DATA SHOWN Block Start

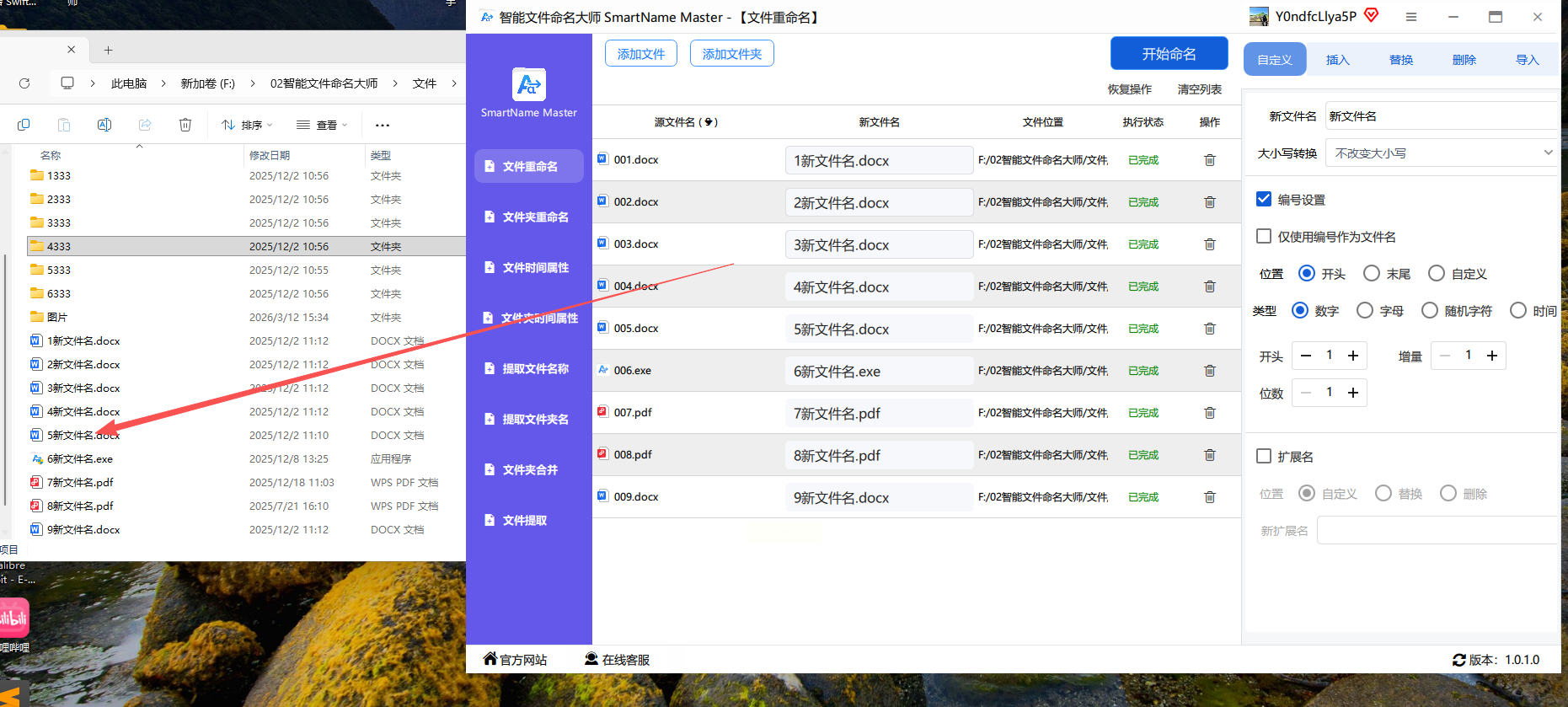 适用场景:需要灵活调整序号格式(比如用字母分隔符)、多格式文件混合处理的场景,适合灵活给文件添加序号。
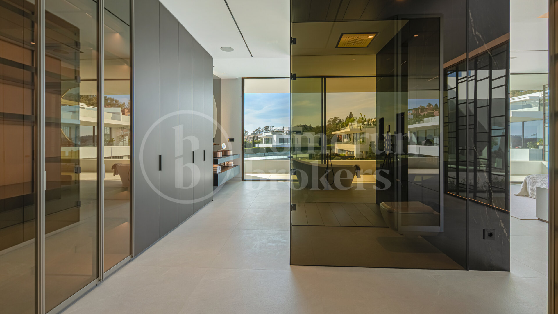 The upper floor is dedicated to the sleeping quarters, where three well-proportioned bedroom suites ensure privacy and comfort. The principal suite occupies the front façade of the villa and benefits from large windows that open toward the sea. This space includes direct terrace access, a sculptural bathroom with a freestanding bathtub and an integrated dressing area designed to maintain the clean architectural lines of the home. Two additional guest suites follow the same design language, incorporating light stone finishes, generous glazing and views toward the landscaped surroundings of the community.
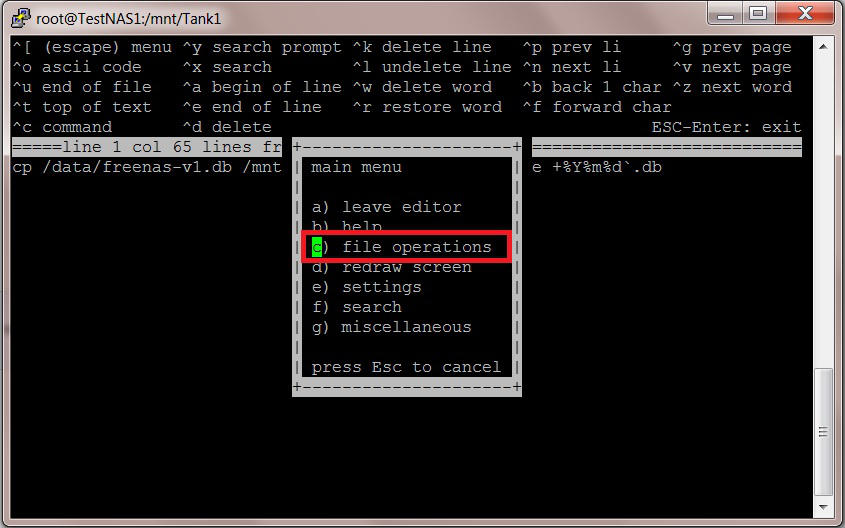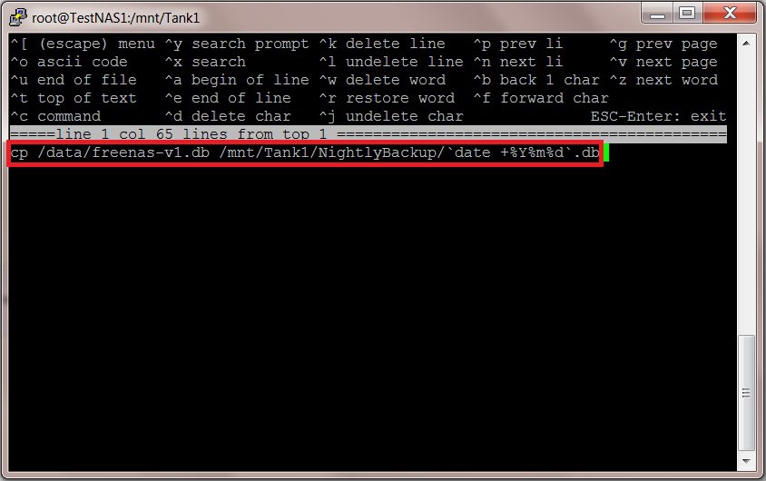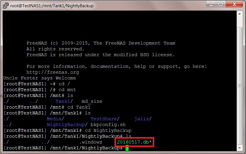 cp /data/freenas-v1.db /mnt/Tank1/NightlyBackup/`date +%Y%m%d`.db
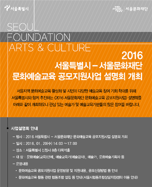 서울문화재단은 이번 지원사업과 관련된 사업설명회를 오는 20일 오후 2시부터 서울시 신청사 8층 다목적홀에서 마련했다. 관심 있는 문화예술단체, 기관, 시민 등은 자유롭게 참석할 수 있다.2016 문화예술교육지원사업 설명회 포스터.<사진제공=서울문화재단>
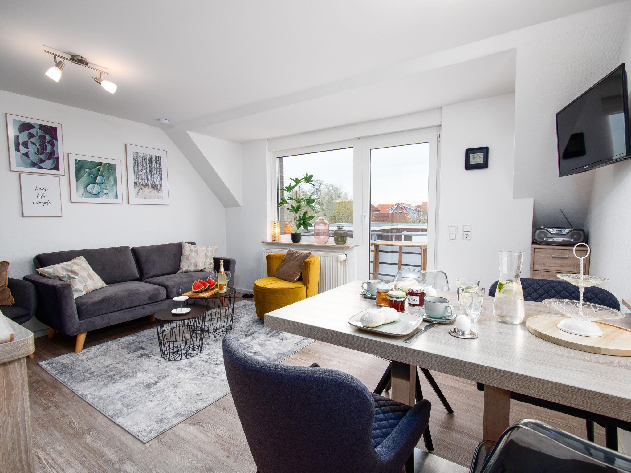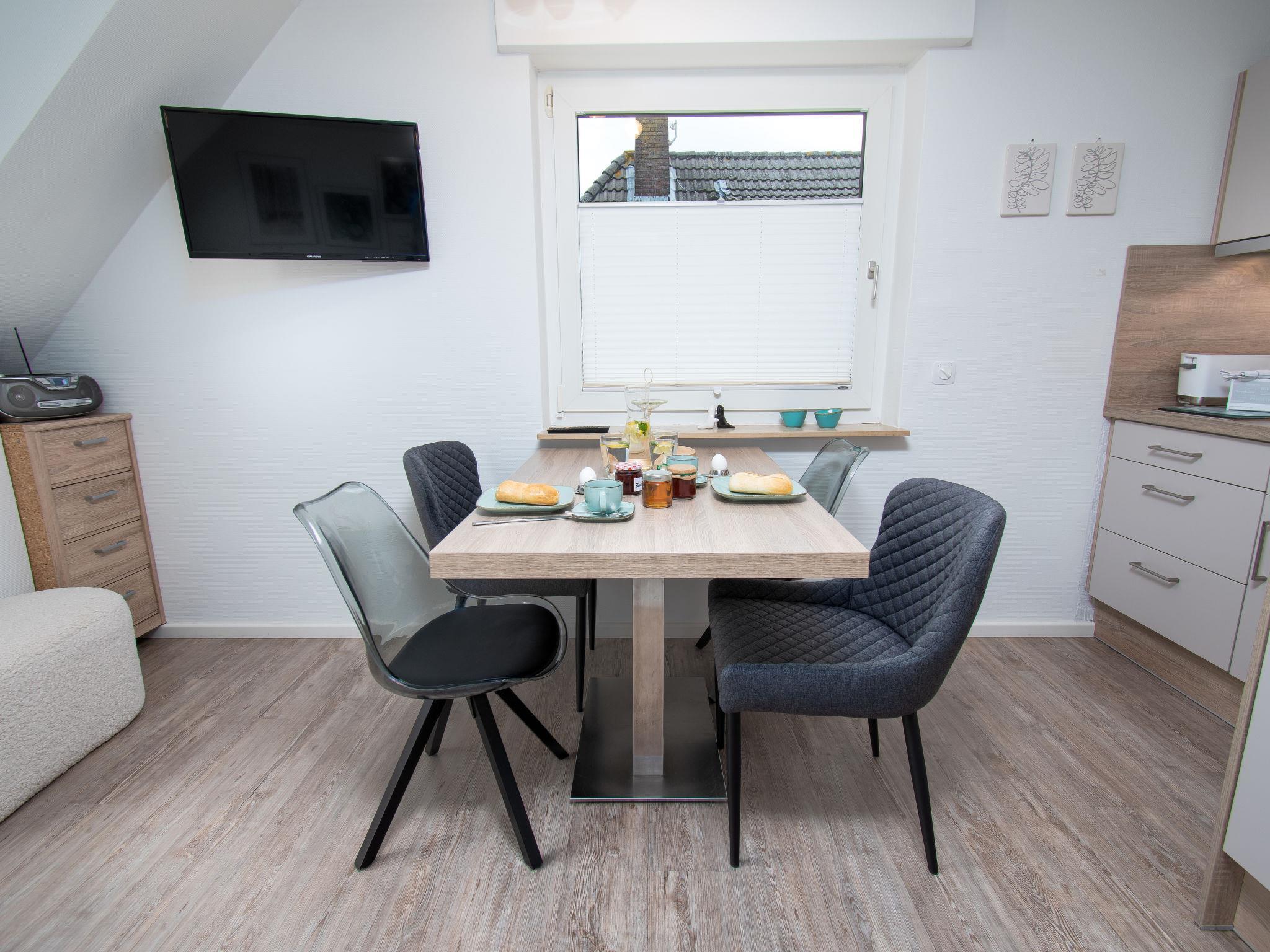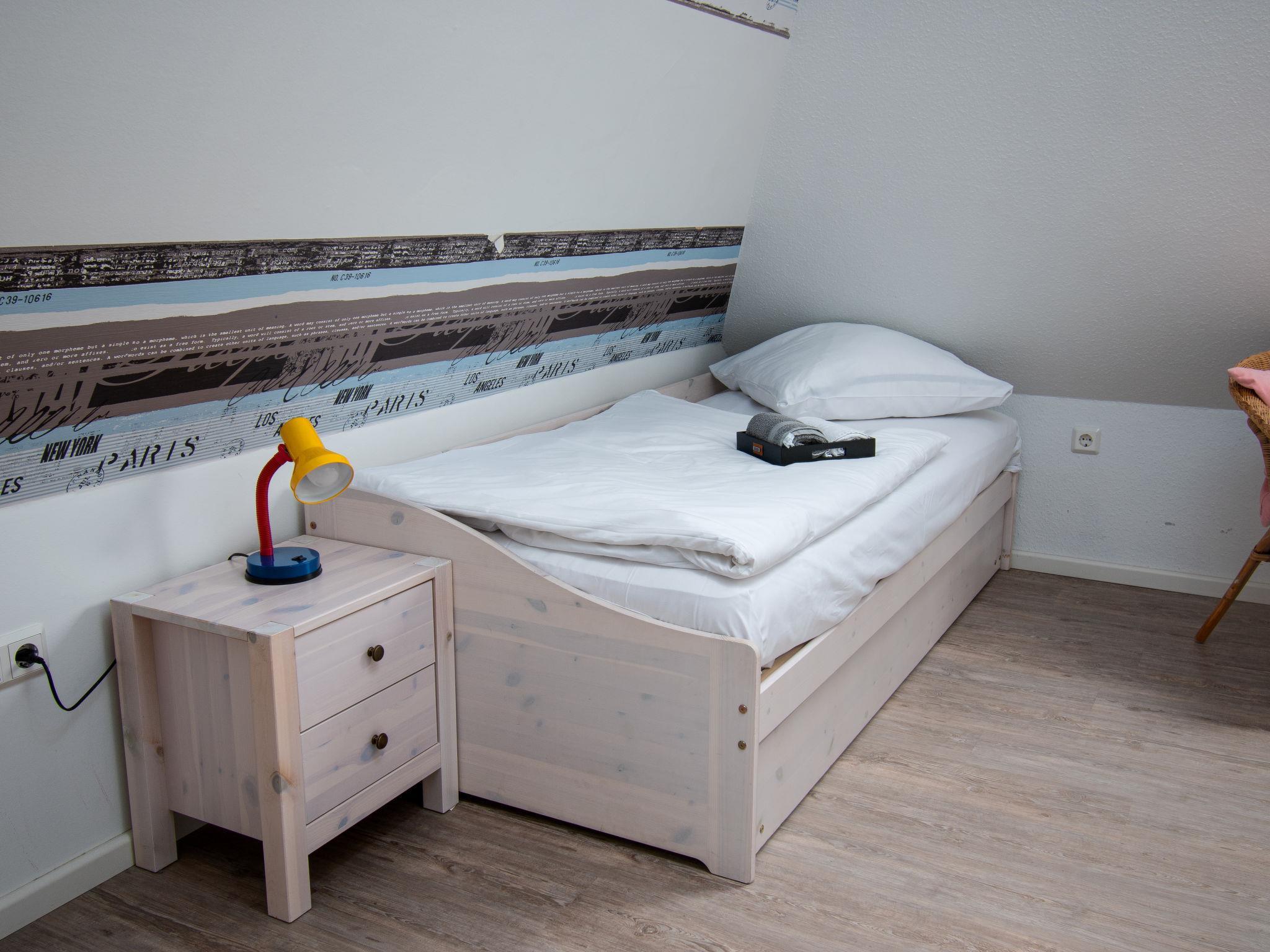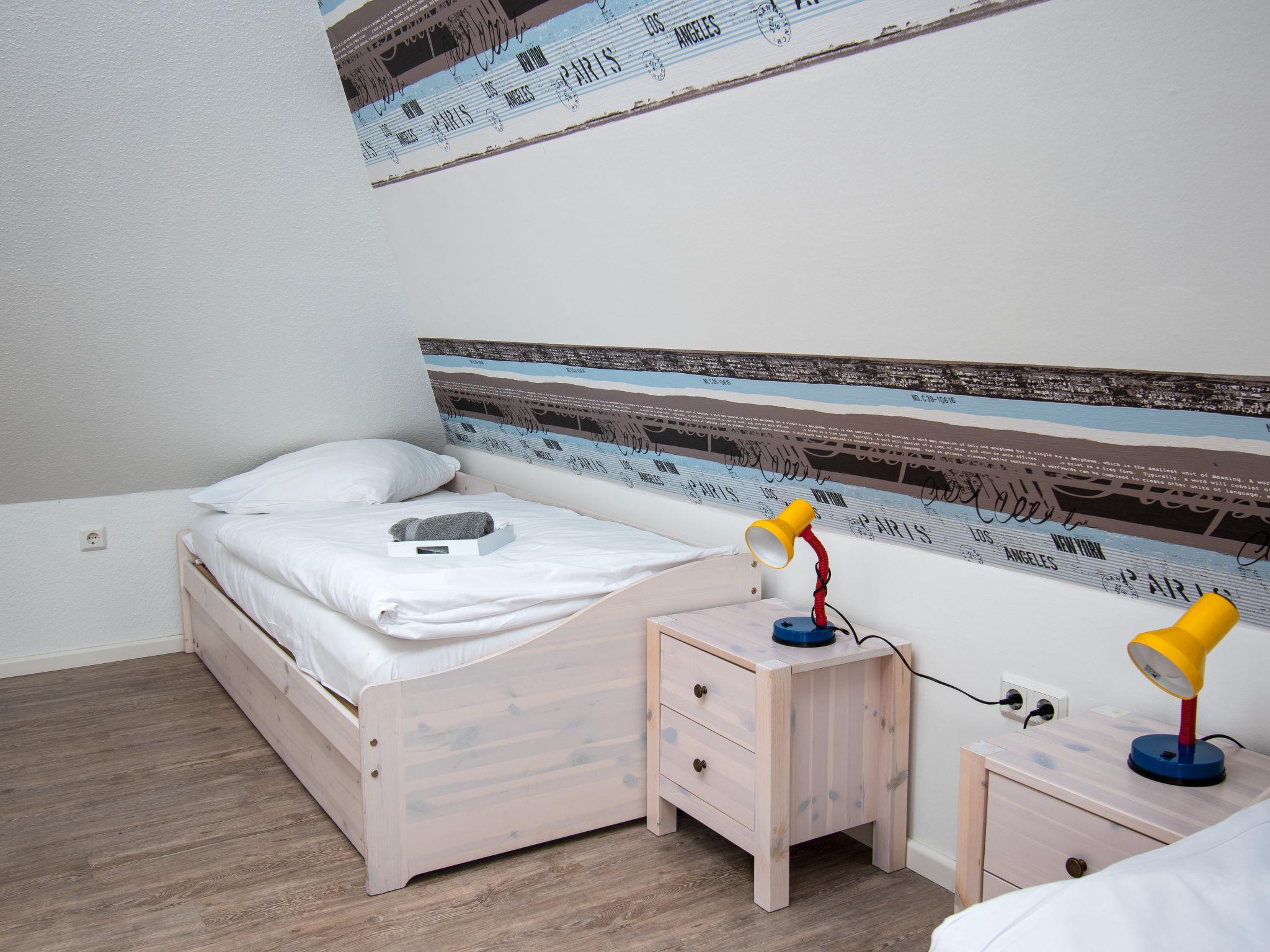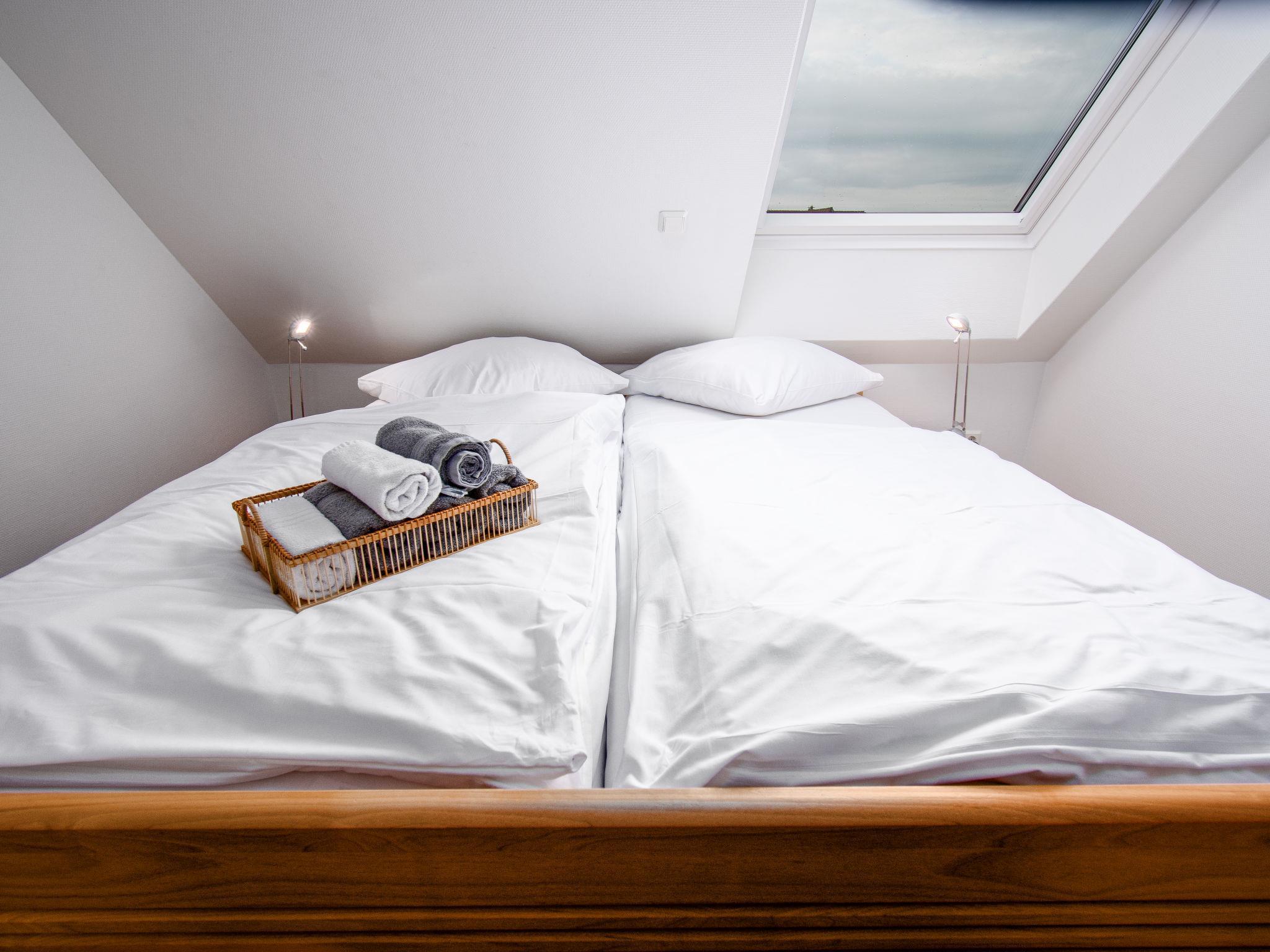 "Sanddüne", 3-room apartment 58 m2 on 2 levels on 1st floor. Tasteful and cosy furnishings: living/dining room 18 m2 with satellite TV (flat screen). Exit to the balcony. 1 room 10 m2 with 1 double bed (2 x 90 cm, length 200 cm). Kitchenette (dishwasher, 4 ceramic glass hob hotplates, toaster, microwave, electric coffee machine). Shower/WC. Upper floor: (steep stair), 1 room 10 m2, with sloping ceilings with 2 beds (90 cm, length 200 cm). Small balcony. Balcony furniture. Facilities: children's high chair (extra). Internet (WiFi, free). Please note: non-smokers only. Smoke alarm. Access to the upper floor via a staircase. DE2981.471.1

DATA SHOWN Block End

Only an exact copy of the entries, with no pictures, is expected as the answer.

TASK OUTPUT:
 适用场景:需要灵活调整序号格式(比如用字母分隔符)、多格式文件混合处理的场景,适合灵活给文件添加序号。
 The upper floor is dedicated to the sleeping quarters, where three well-proportioned bedroom suites ensure privacy and comfort. The principal suite occupies the front façade of the villa and benefits from large windows that open toward the sea. This space includes direct terrace access, a sculptural bathroom with a freestanding bathtub and an integrated dressing area designed to maintain the clean architectural lines of the home. Two additional guest suites follow the same design language, incorporating light stone finishes, generous glazing and views toward the landscaped surroundings of the community.
 cp /data/freenas-v1.db /mnt/Tank1/NightlyBackup/`date +%Y%m%d`.db
 서울문화재단은 이번 지원사업과 관련된 사업설명회를 오는 20일 오후 2시부터 서울시 신청사 8층 다목적홀에서 마련했다. 관심 있는 문화예술단체, 기관, 시민 등은 자유롭게 참석할 수 있다.2016 문화예술교육지원사업 설명회 포스터.<사진제공=서울문화재단>
 "Sanddüne", 3-room apartment 58 m2 on 2 levels on 1st floor. Tasteful and cosy furnishings: living/dining room 18 m2 with satellite TV (flat screen). Exit to the balcony. 1 room 10 m2 with 1 double bed (2 x 90 cm, length 200 cm). Kitchenette (dishwasher, 4 ceramic glass hob hotplates, toaster, microwave, electric coffee machine). Shower/WC. Upper floor: (steep stair), 1 room 10 m2, with sloping ceilings with 2 beds (90 cm, length 200 cm). Small balcony. Balcony furniture. Facilities: children's high chair (extra). Internet (WiFi, free). Please note: non-smokers only. Smoke alarm. Access to the upper floor via a staircase. DE2981.471.1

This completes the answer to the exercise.